DIMACS - RUTGERS EXPERIMENTAL MATHEMATICS SEMINAR

Sponsored by the Rutgers University Department of Mathematics and the
Center for Discrete Mathematics and Theoretical Computer Science (DIMACS)

Co-organizers:
Matthew Russell, Rutgers University, russell2 {at} math [dot] rutgers [dot] edu)
Doron Zeilberger, Rutgers University, zeilberg {at} math [dot] rutgers [dot] edu

Title: Curious Patterns and Nonpatterns in a Family of Meta-Fibonacci Recursions

Speaker: Douglas Hofstadter, Cognitive Science, Indiana University

Date: Thursday, April 10, 2014 5:00pm

Location: Hill Center, Room 705, Rutgers University, Busch Campus, Piscataway, NJ


Abstract:

In 1963, while playing a novel number-theoretical game with a friend, I dreamt up a curious recursive definition for an integer-valued function, which I dubbed "Q(n)". Here is the recursion:

Q(n) = Q(n-Q(n-1)) + Q(n-Q(n-2))

The two initial values I supplied were Q(1) = 1 and Q(2) = 1. This function's behavior turned out to be very unpredictable. I spent a good deal of time exploring it computationally, and also invented and explored some variations on the theme.
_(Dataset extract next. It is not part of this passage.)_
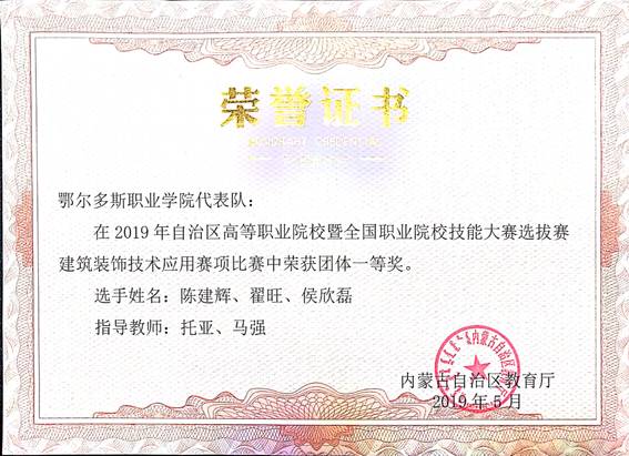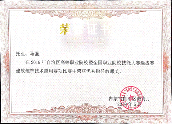 2019年4月,室内设计工作室教师团队精心组织培训,不辞辛劳,指导建筑室内设计专业学生9名,陈建辉、翟旺、侯欣磊同学荣获“首届全国建筑装饰应用技术大赛内蒙古选拔赛”一等奖。学院荣获优秀组织奖。托亚、马强老师荣获内蒙古自治区教育厅颁发的优秀指导教师奖。

To my frustration, though, I wasn't able to prove anything about Q(n) (not even that it existed for all positive values of n!), no matter how hard I worked. Eventually, as often tends to happen when one has pushed oneself as far as one can go and has hit up against one's limits, Q(n) slowly faded into the background of my life. Many years later, my mathematician/physicist friend Greg Huber proposed that we go back to the canonical and very natural but unsolved questions about the mysterious function Q(n), with its magnetic appeal and crystalline beauty, and carefully study them. I went for Greg's bait hook, line, and sinker, but soon I found, to my great frustration, that unlike Greg, who had made some small progress analytically, I was completely unable to prove anything analytically about Q(n). Soon Greg found himself in a similar position of frustration. After a period of stagnation, finding ourselves in a box canyon with no escape route except using a computer to do experimental mathematics, together he and I invented a two-parameter family of functions closely related to Q(n) and we explored their behavior computationally. We found some delightful surprises and some deep insights. However, despite all the progress, a lot of mystery remained (and still remains). In this talk, I will mainly describe Greg Huber's and my collaborative discoveries.